* _Task input_:
------

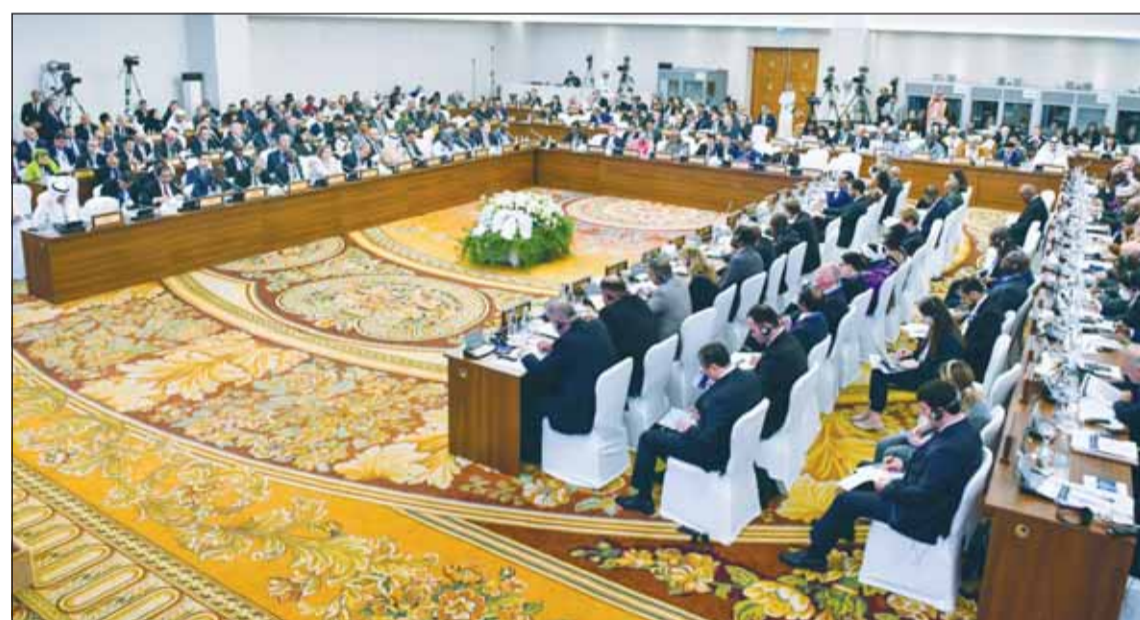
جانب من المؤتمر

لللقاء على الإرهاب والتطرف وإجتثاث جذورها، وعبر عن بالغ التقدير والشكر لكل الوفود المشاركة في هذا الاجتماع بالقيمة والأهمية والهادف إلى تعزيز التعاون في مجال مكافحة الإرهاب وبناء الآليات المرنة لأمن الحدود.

------

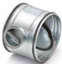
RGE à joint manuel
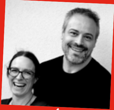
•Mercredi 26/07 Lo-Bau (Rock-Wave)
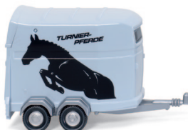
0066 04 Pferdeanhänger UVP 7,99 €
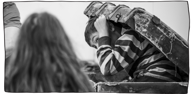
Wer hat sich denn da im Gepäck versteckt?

------

* _Directions for this task_:
Return exactly, and only, the lines above starting at the line that contains "جانب من المؤتمر" and ending at the line that contains "لللقاء على الإرهاب".

* _Response area_:
جانب من المؤتمر

لللقاء على الإرهاب والتطرف وإجتثاث جذورها، وعبر عن بالغ التقدير والشكر لكل الوفود المشاركة في هذا الاجتماع بالقيمة والأهمية والهادف إلى تعزيز التعاون في مجال مكافحة الإرهاب وبناء الآليات المرنة لأمن الحدود.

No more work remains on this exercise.